I am very confused about the gaussian distribution function on the pseudocode that I found in one of the journals.
Pseudocode algoritma Box-Muller(Sukajaya dkk., 2012) :
a. Generate uniform random number u, v in range [-1, 1]
b. Calculate s = u2 + v2
c. Looping step 2 until s < 1
d. Find normal random numbers `z0 = u. √((-2lns)/s)` and z1 = v . √(- (-2lns)/s)
I think the pseudocode only talks about the Box Muller and the Gaussian Distribution function is only for displaying diagrams of randomized numbers.
The Box-Muller algorithm does not contain a direct implementation of the Gaussian density formula. Instead, it produces outcomes which (cumulatively) follow that density. The results z0 and z1 produced by the algorithm are two independent Gaussian random values. If you iterate the algorithm hundreds or thousands of times and build a histogram of all the z values, it will start looking like the bell-shaped curve of a Gaussian distribution. The math behind it is beyond the scope of a StackOverflow post, so I'm going to advise that you just push the "I believe!" button, or see the Wikipedia article if you want more explanation and links to various original sources.

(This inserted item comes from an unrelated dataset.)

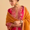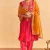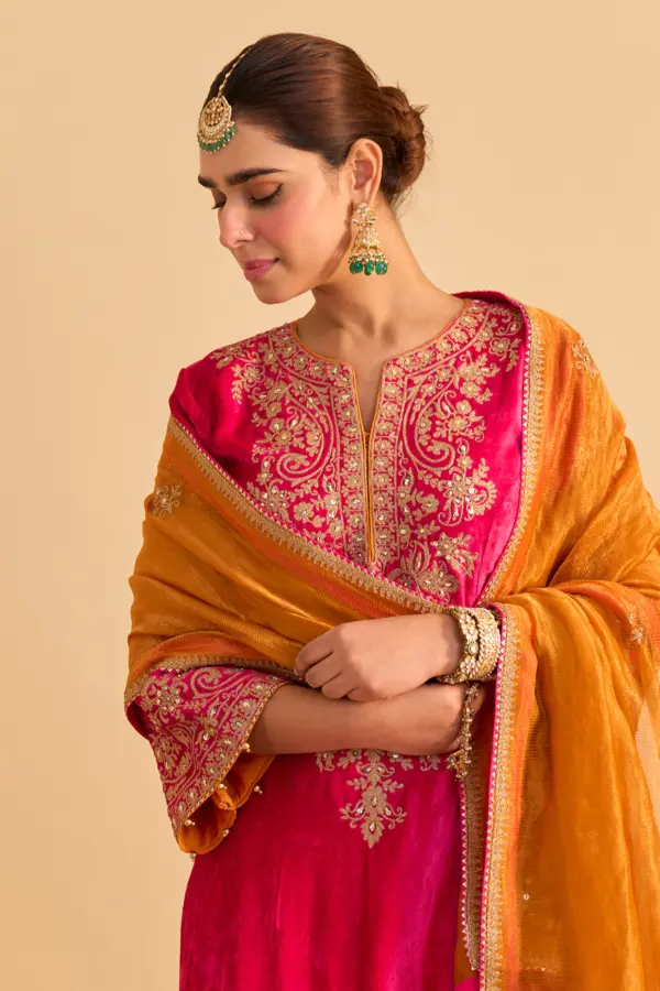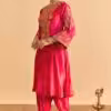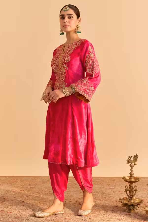 Step into festive elegance with this hot pink velvet silk embroidered kurta set from CoutureCraze. This outfit blends rich texture with detailed craftsmanship, creating a bold yet graceful ethnic look. The A-line kurta enhances your silhouette while offering a flattering and comfortable fit for long celebrations.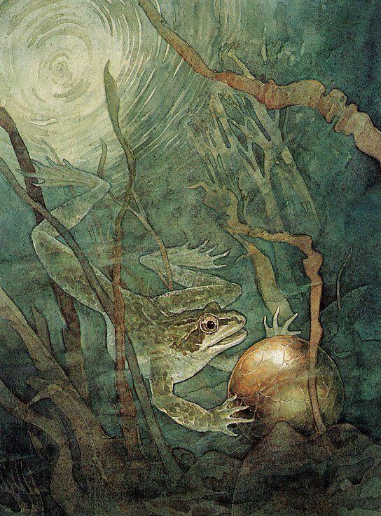 Ora avvenne un giorno che la palla d’oro della principessa non ricadde nella manina ch’essa tendeva in alto, ma cadde a terra e rotolò proprio nell’acqua. La principessa la seguì con lo sguardo, ma la palla sparì, e la sorgente era profonda, profonda a perdita d’occhio. Allora la principessa cominciò a piangere, e pianse sempre più forte, e non si poteva proprio consolare. E mentre così piangeva, qualcuno le gridò: “Che hai, principessa? Tu piangi da far pietà ai sassi.” Lei si guardò intorno, per vedere donde venisse la voce, e vide un ranocchio, che sporgeva dall’acqua la grossa testa deforme.“Ah, sei tu, vecchio sciaguattone!” disse, “piango per la mia palla d’oro, che m’è caduta nella fonte.”

I'm not sure what you mean when you say "the Gaussian Distribution function is only for displaying diagrams of randomized numbers." The Gaussian is one of the most important modeling distributions out there because sums of values from all other distributions with finite variance will converge to the Gaussian in distribution. That means if you're studying averages (which are built from sums) or aggregates of lots of little errors, the Gaussian distribution does a great job of characterizing the results.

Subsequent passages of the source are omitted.